• WORK REQUIRED
Your output should be the lines below from the one with "On the back" through the one with "在此背景下,中外運華北公司承", copied exactly, pictures excluded.

• EXERCISE MATERIALS
Content starts

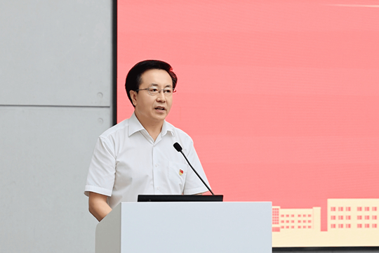 趙國(guó)華在講話中,向受表彰的集體與個(gè)人致以祝賀,回顧黨的奮斗歷程與學(xué)校黨建成果,并從五個(gè)方面部署工作。他強(qiáng)調(diào),立足新時(shí)代,奮進(jìn)新征程,以黨建為引領(lǐng),讓旗幟更紅、根基更牢:一要把黨建優(yōu)勢(shì)轉(zhuǎn)化為發(fā)展優(yōu)勢(shì),讓活力變動(dòng)能、成果促效能,以高質(zhì)量黨建賦能高質(zhì)量發(fā)展;二要弘揚(yáng)偉大建黨精神,讓堡壘更堅(jiān)固、先鋒更閃耀,讓紅色基因在育人中傳承、在創(chuàng)新中生輝;三要強(qiáng)化頭雁領(lǐng)航與榜樣帶動(dòng),讓“雙帶頭人”顯擔(dān)當(dāng)、獲獎(jiǎng)?wù)咦魇痉,以典型力量聚奮進(jìn)合力;四要放大黨建品牌輻射效應(yīng),讓標(biāo)桿立得穩(wěn)、特色亮得出,推動(dòng)黨的建設(shè)從“標(biāo)桿引領(lǐng)”到“全面提質(zhì)”;五要以黨建“強(qiáng)引擎”驅(qū)動(dòng)學(xué)校向中國(guó)一流國(guó)際化應(yīng)用型本科高校加速邁進(jìn),在教育強(qiáng)國(guó)強(qiáng)省建設(shè)中,寫(xiě)就“黨建紅引領(lǐng)教育興,歐亞人建功新時(shí)代”的嶄新篇章。
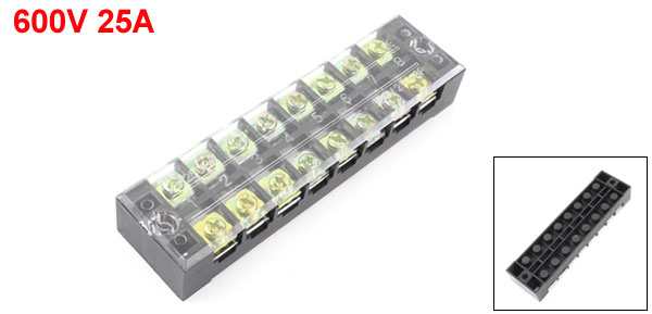 Product Name Barrier Terminal Block Model No. TB-2508L Material Metal, Plastic Rated Value 600V 25A Poles 8P (Dual Row) Size 115 x 30 x 19mm/ 4.5" x 1.2" x 0.75" (L*W*T) Fixing Hole Diameter 4.5mm/0.18" Fixing Hole Center Distance 10.5cm/ 4" Main Color Black Total Weight 67g Package Content 1 x Barrier Terminal Block w Cover - Reviews
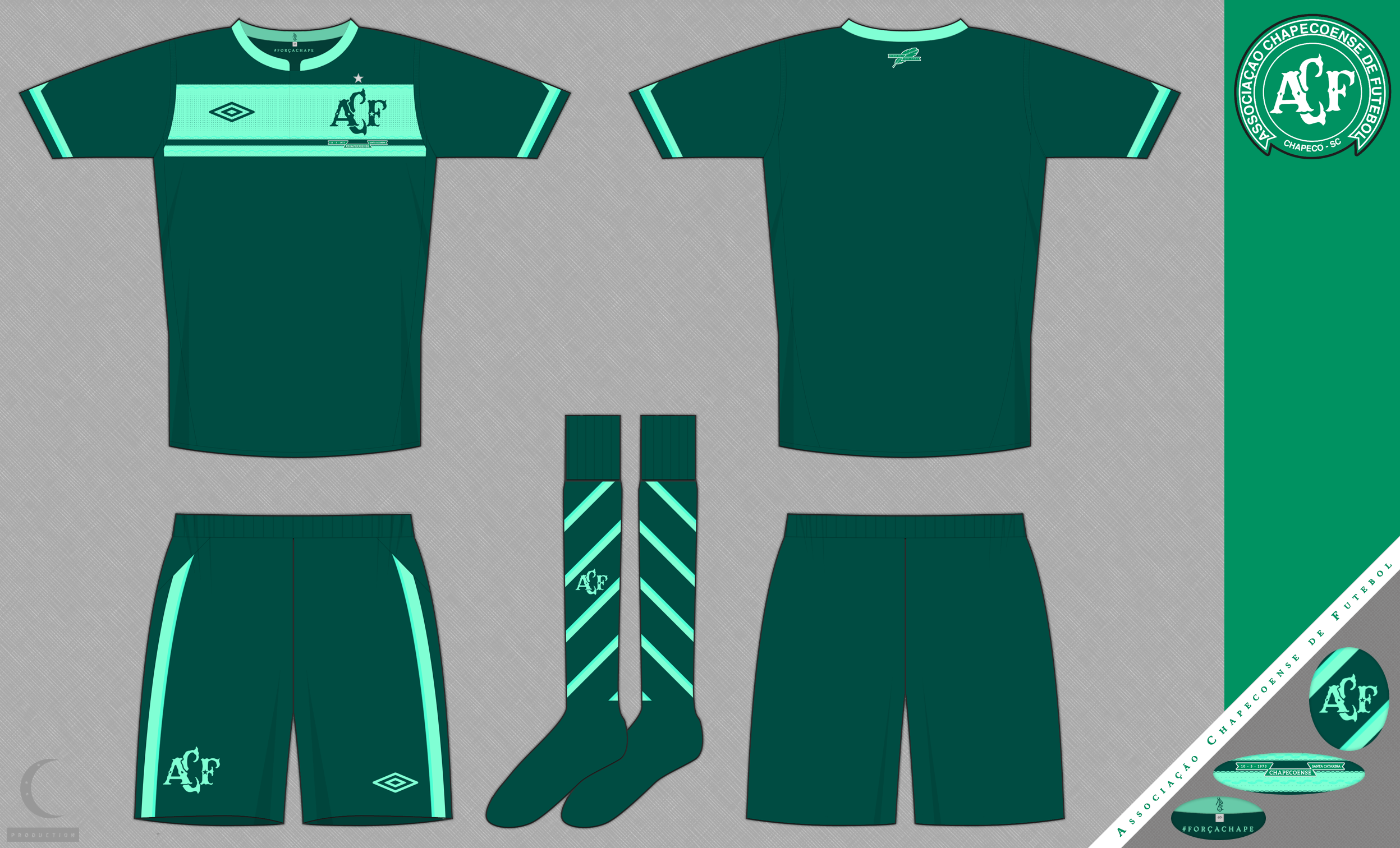 On the back of the shirt is the feather with the motto "Somos Mais Que Onze" (we are more than 11), and on the inside of the shirt is printed #ForçaChape
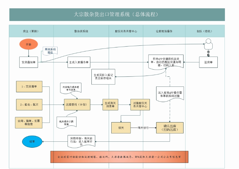 在此背景下,中外運華北公司承接某鋼廠出口港口交接操作服務(wù),服務(wù)內(nèi)容主要包括報關(guān)、遞載、上艙單、貨物出入庫管理、裝船等多個操作環(huán)節(jié),通過不斷討論與探索,華北公司便啟動了以某鋼為場景的大宗散雜貨出口系統(tǒng)建設(shè)。通過規(guī)范和完善整個業(yè)務(wù)操作流程,實現(xiàn)線上一體化管理,達到信息的透明化、管理的規(guī)范化、決策的智能化的目的,有利于企業(yè)不斷提升管理水平和營收能力,為企業(yè)帶來經(jīng)濟效益和社會效益。
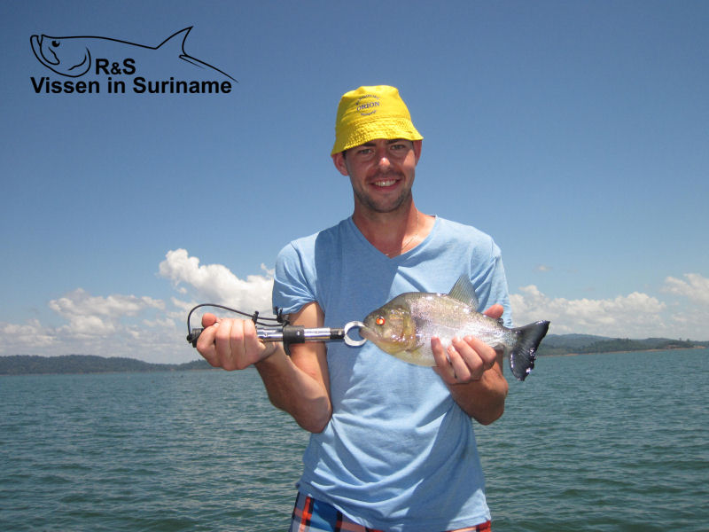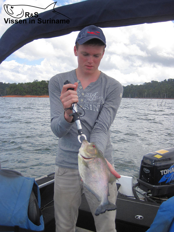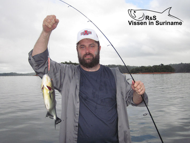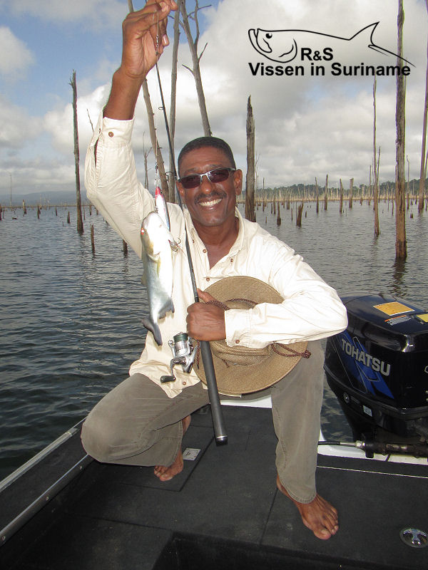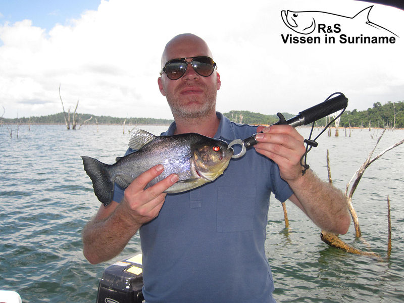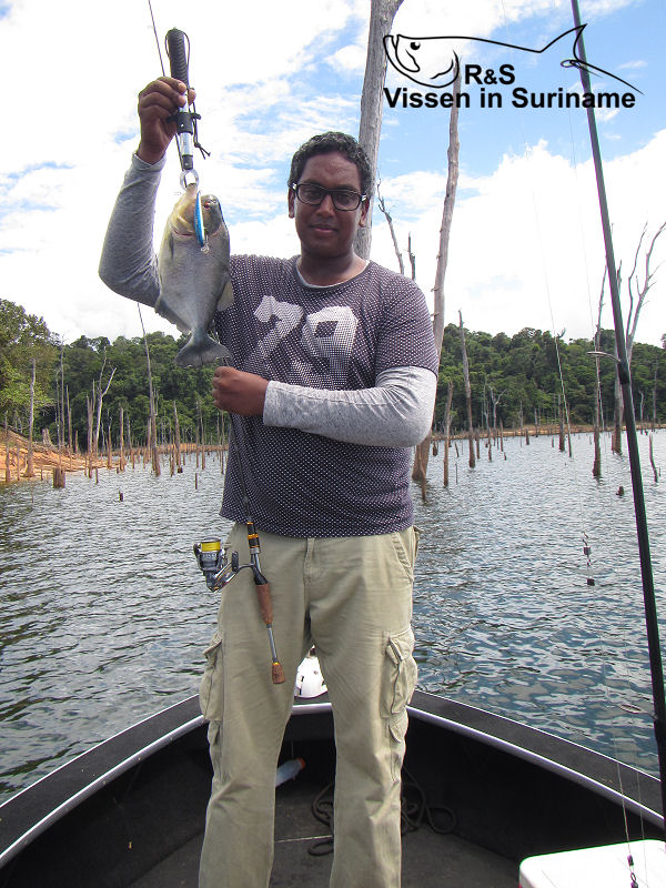 David Nieuwenhuis is Advocaat. Voor werk is hij 5 dagen in Suriname. De zaak loopt voorspoedig en zo komt het dat hij een paar dagen vrij te besteden heeft. Als sportvisser weet hij daar wel raad mee. Een Trip naar het Stuwmeer is snel geboekt. Ondanks de huidige (lage) waterstand blijft het stuwmeer een van de mooiste locaties om te vissen. Als ik om 04.30 voorrij komt David net het hotel uitlopen. 2 uren later zetten we, na het traileren, koers richting visgronden. Het is een mooie zonnige dag. Bij het eerste eiland spotten we actie. Al Driftend vissen we het eilandje af. Het duurt even maar dan meld de eerste Tukunari zich. Een Rapala Skitter Pop kon niet worden weerstaan. Na het meten en de foto gaat de vis retour. We driften verder... als we vlakbij een “bos” komen leg ik de boot vast. Voor ons een open plek waar zich onderwater een “berg” bevind. De Sonar geeft 5 meter diepte aan.. “perfect”.. Bij de 2de worp is het raak. Een enorme splash.. Een meter van de boot wordt de Rapala Skitter Prop van David gegrepen. Een leuke dril volgt. Davis smiled.. Z’n eerste Tukunari.... en er volgen meer... Ook Piranha staat op het verlanglijstje van David. Na het vangen van aasvisjes leggen we aan bij een grote boom. De sonar geeft 25 meter aan. Een dwarrellijntje, met livebait als aas, wordt langs de stam naar beneden gelaten. Een aanbeet volgt... tot onze verbazing komt er een Tukunari naar boven... Dat hadden we niet verwacht op 25 meter water. Uiteindelijk lukt het David om een aantal (Black) Piranha’s te vangen.
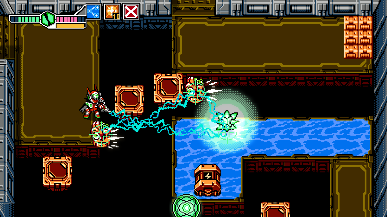 Sophia’s cutting-edge anti-mutant robot soldiers are waiting inside the bases to to ambush Jason. If he enters unprepared, he can easily take more damage than the shields he picks up can handle!
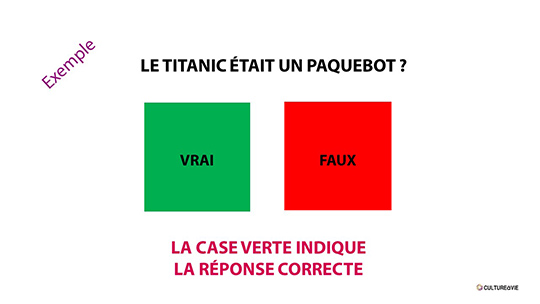 Ce quiz à projeter permettra de retrouver l’histoire de ce paquebot d’une manière interactive. En mode diaporama, pour chaque question posée, des propositions sont données, les personnes devront trouver la bonne réponse. Créé sous forme de QCM, la réponse à chaque question s'affiche en vert en un clic (il faut cliquer sur les réponses proposées pour découvrir la bonne réponse qui s'affiche en vert). Ce quiz composé de 32 diapositives apportera des connaissances supplémentaires ou complémentaires à chacun. Et pour ceux qui ont participé au diaporama « Histoire du Titanic » paru en mai, cela peut être un moyen de se souvenir des informations données lors de cette projection.
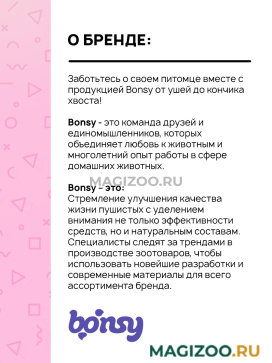 • Эффективность для питомца, эстетичность для владельца. Bonsy предусмотрели современные оттенки для линейки аксессуаров, сделали удобные и эргономичные флаконы, а так же разработали приятные ароматы для серии косметических товаров, запахи которых не вредят острому обонянию животных.
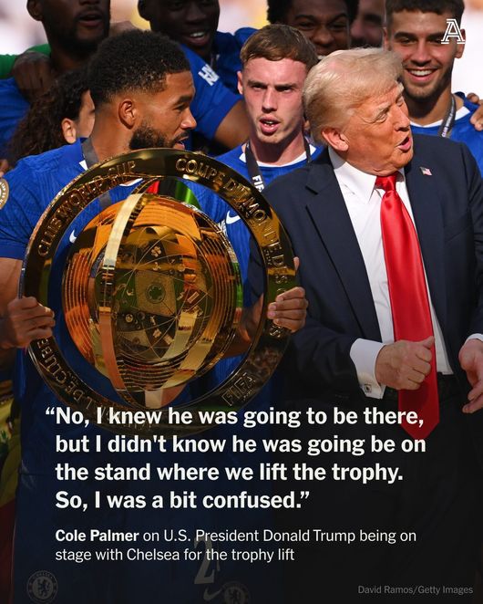 미국 'AP 통신'은 14일(한국시간) "파머는 트럼프와 클럽 월드컵 포디움 스포트라이트를 공유하면서 깜짝 놀랐다. 그는 주장 리스 제임스가 우승 트로피를 받는 동안 뒤에서 점프하고 있었고, 트럼프 미국 대통령은 파머와 골키퍼 로베르트 산체스 사이에 서 있었다"라고 보도했다.
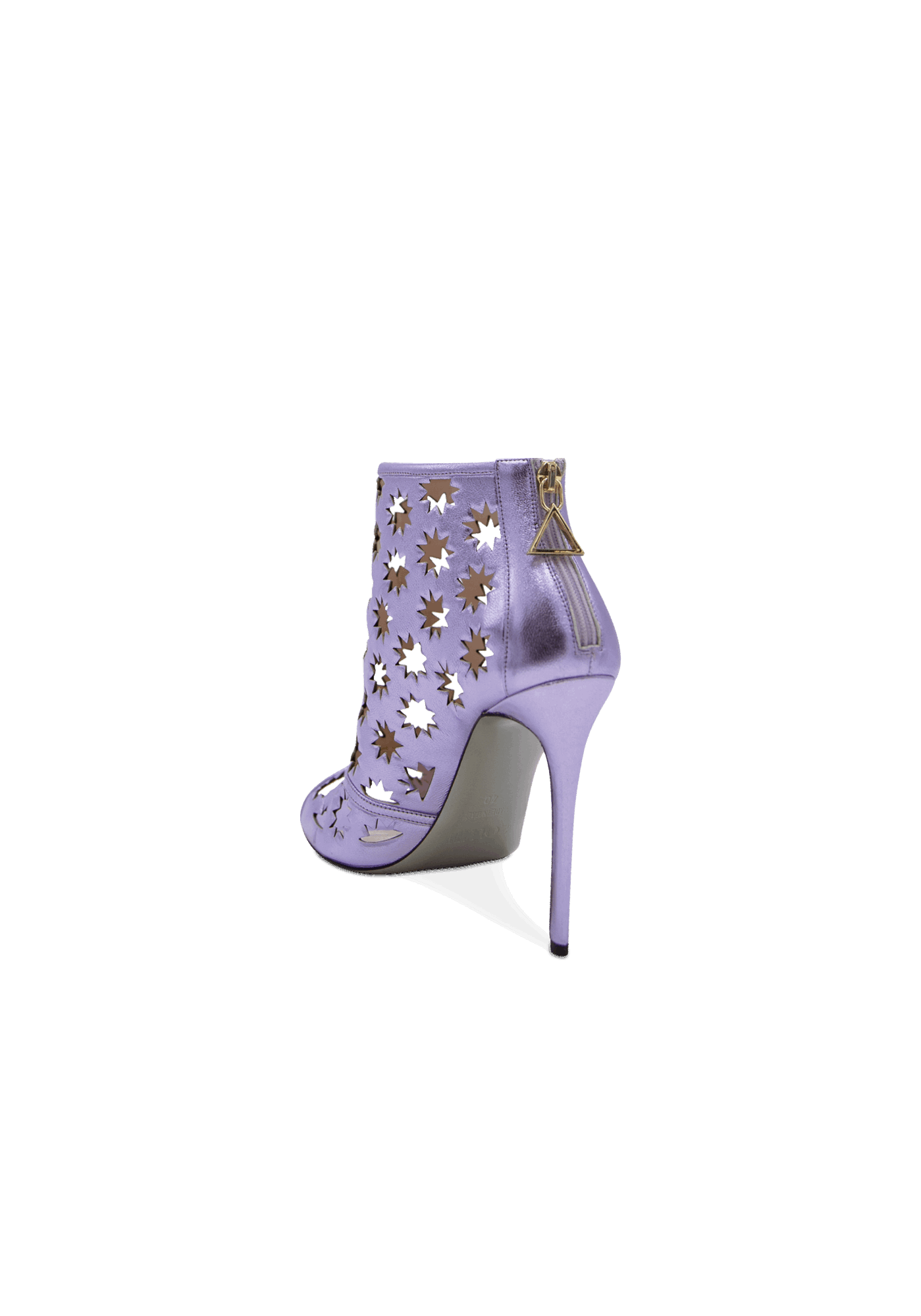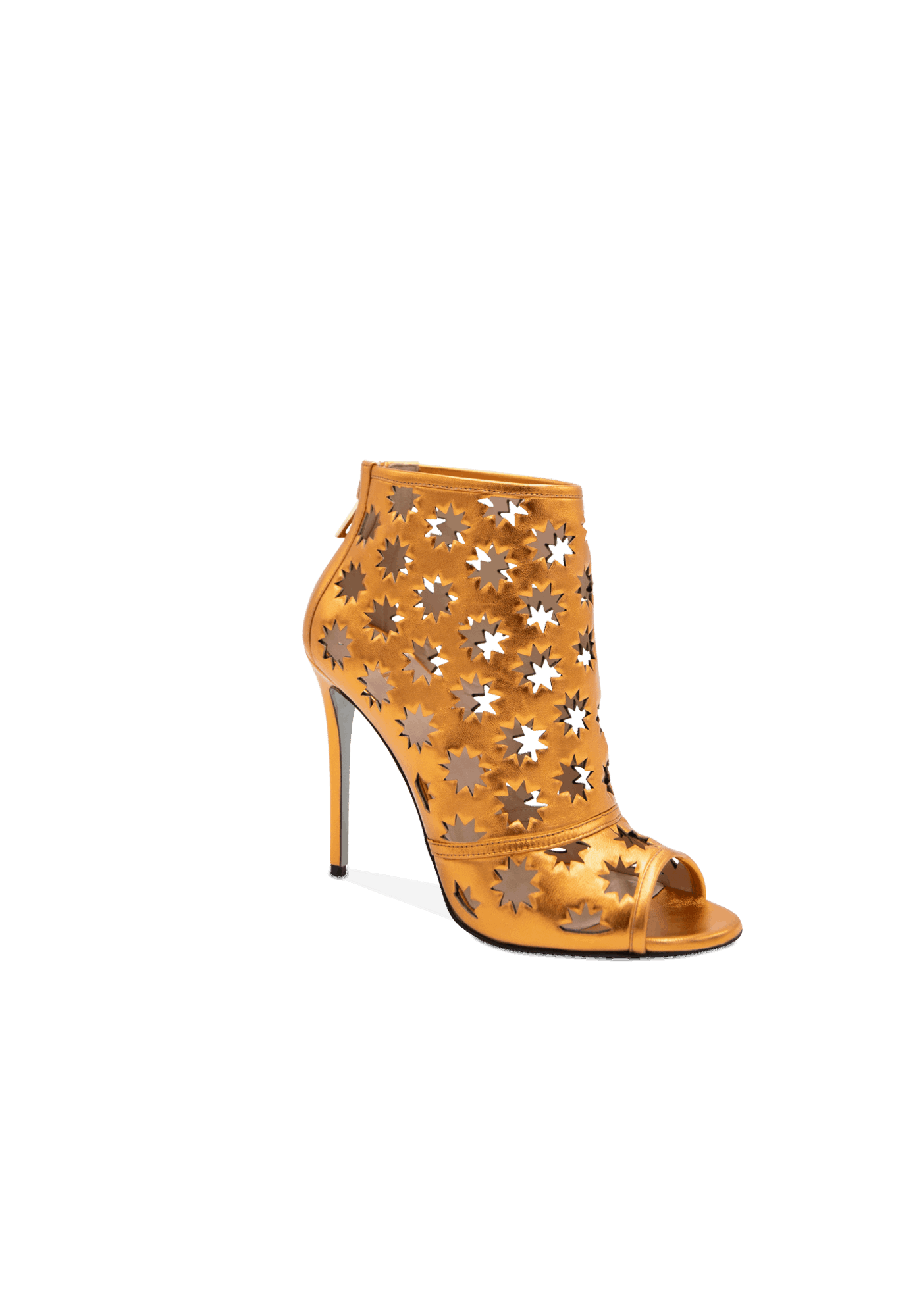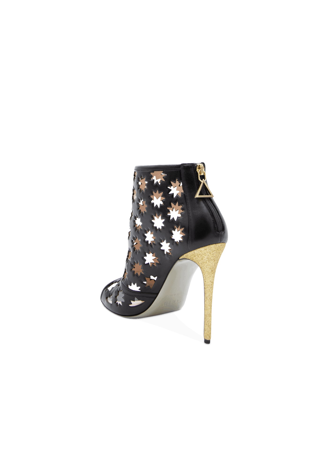 The daring Hollywood high-heeled ankle leather boots shout extravagance and uniqueness. The creative design featuring cut-out iconic Collini stars offers a delicate open shoe with an open toe and a golden back zipper for a sophisticated look.
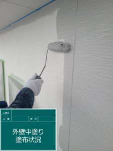 本日は外壁塗装の中塗りの様子からお伝えします(^o^)/
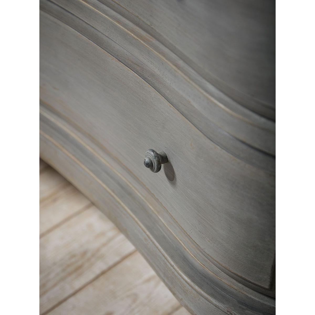 I really like this curvy chest of drawers for its classic yet understated charm. It works beautifully in both traditional and modern interiors, thanks to its soft silhouette and neutral finish. For styling, I’d suggest pairing it with vintage accessories or contemporary hardware to add personal character. It’s a practical piece for bedrooms or living rooms, offering ample storage without overwhelming the space. To keep it looking polished, combine it with soft textiles like linen or velvet, and consider placing a statement lamp or a small plant on top to bring it to life. It’s versatile and lends itself well to layered styling, making it a useful yet elegant addition to various settings.

Content ends

• RESPONSE TO THIS TASK
 On the back of the shirt is the feather with the motto "Somos Mais Que Onze" (we are more than 11), and on the inside of the shirt is printed #ForçaChape
 在此背景下,中外運華北公司承接某鋼廠出口港口交接操作服務(wù),服務(wù)內(nèi)容主要包括報關(guān)、遞載、上艙單、貨物出入庫管理、裝船等多個操作環(huán)節(jié),通過不斷討論與探索,華北公司便啟動了以某鋼為場景的大宗散雜貨出口系統(tǒng)建設(shè)。通過規(guī)范和完善整個業(yè)務(wù)操作流程,實現(xiàn)線上一體化管理,達到信息的透明化、管理的規(guī)范化、決策的智能化的目的,有利于企業(yè)不斷提升管理水平和營收能力,為企業(yè)帶來經(jīng)濟效益和社會效益。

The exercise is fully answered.